● **Work required**:
Everything from the line containing "Vor einigen Wochen" to the last line of the material below must be retyped exactly, both ends included; skip the pictures.
+++ Source material +++
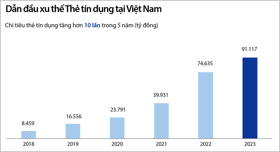 Trong năm 2023, với chiến lược Dẫn đầu xu thế thẻ, VIB tiếp tục cho ra mắt thị trường nhiều dòng thẻ mới với các tính năng sản phẩm vượt trội và lần đầu được giới thiệu tại Việt Nam. Sau 6 năm, tổng số thẻ tín dụng lưu hành đạt hơn 700.000 thẻ, tăng gấp 8 lần cùng chi tiêu của khách hàng qua thẻ tín dụng VIB tăng trưởng hơn 10 lần, đạt mốc tổng chi tiêu 4 tỷ đô la trong năm 2023, duy trì vị thế top đầu thị phần MasterCard tại Việt Nam.
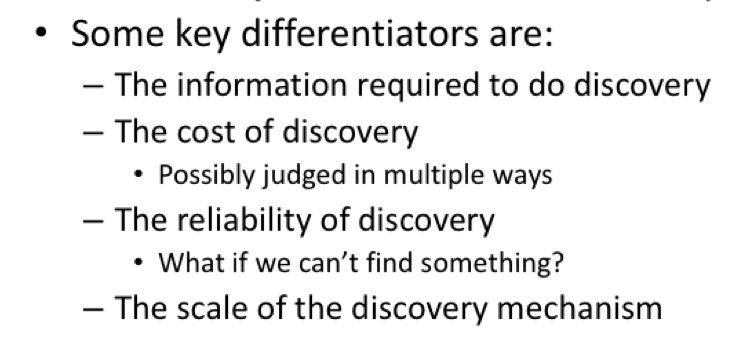 What are the factors to consider for resource discovery protocols?
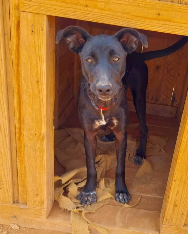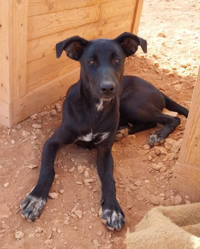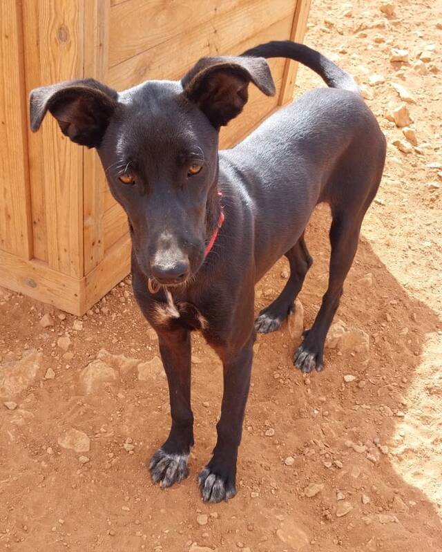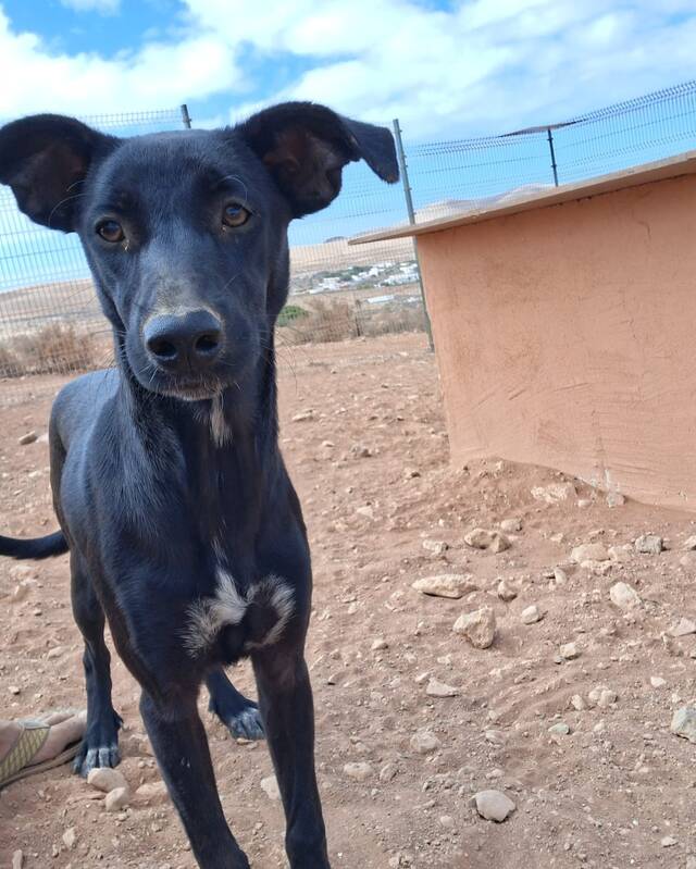 Vor einigen Wochen entdeckten Sarah und Sven zufällig 4 verwilderte und extrem scheue Junghunde in einem Barranco in der Nähe ihrer Finca. Die kleinen wohnten anscheinend in Höhlen unter einem großen Steinhaufen. Dort errichten die Beiden dann schnellstens Wasser- und Futterplätze und fuhren fortan jeden Tag zweimal dorthin, um diese zu befüllen, aber auch um möglichst viel Zeit dort zu verbringen. Die Hundekinder sollten sich an sie gewöhnen und Vertrauen gewinnen. Die kleinste, bereits sehr abgemarterte Miyu wurde sogar sehr schnell zutraulich und konnte als erstes in Sicherheit auf die Finca gebracht werden.
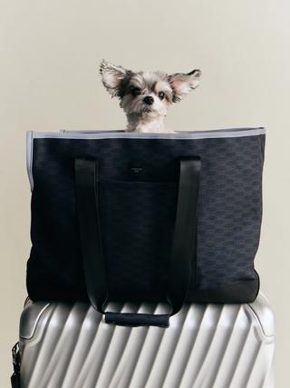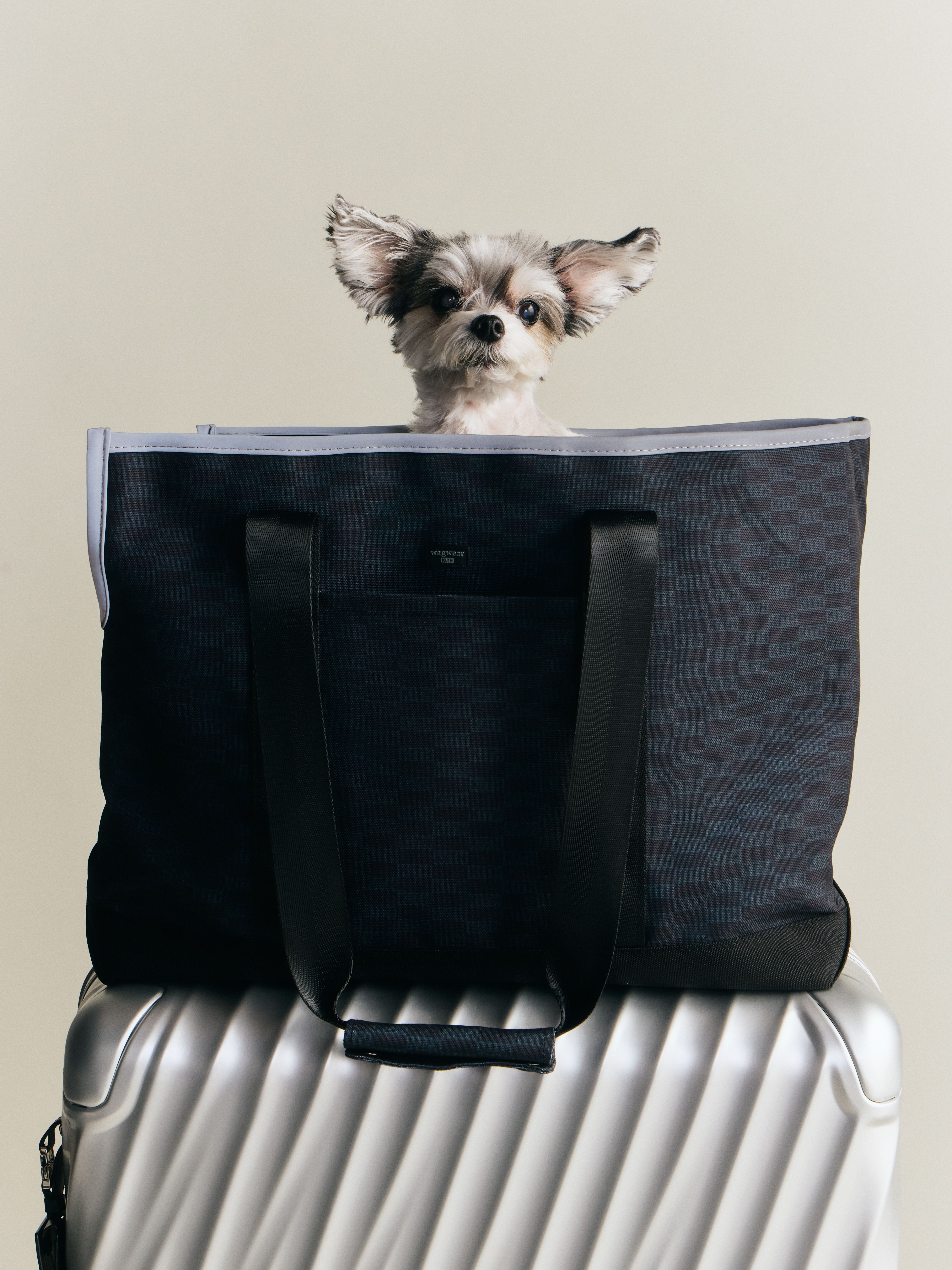 For smaller breeds, the Zipper Tote Dog Carrier introduces a more premium travel option. Constructed from tear-resistant, monogrammed fabric, the carrier includes a water-resistant lining, padded straps, and a built-in safety leash. It’s offered in neutral tones pulled from the Kith palette, including black and Sandrift.
+++
● **Written response**:
 Vor einigen Wochen entdeckten Sarah und Sven zufällig 4 verwilderte und extrem scheue Junghunde in einem Barranco in der Nähe ihrer Finca. Die kleinen wohnten anscheinend in Höhlen unter einem großen Steinhaufen. Dort errichten die Beiden dann schnellstens Wasser- und Futterplätze und fuhren fortan jeden Tag zweimal dorthin, um diese zu befüllen, aber auch um möglichst viel Zeit dort zu verbringen. Die Hundekinder sollten sich an sie gewöhnen und Vertrauen gewinnen. Die kleinste, bereits sehr abgemarterte Miyu wurde sogar sehr schnell zutraulich und konnte als erstes in Sicherheit auf die Finca gebracht werden.
 For smaller breeds, the Zipper Tote Dog Carrier introduces a more premium travel option. Constructed from tear-resistant, monogrammed fabric, the carrier includes a water-resistant lining, padded straps, and a built-in safety leash. It’s offered in neutral tones pulled from the Kith palette, including black and Sandrift.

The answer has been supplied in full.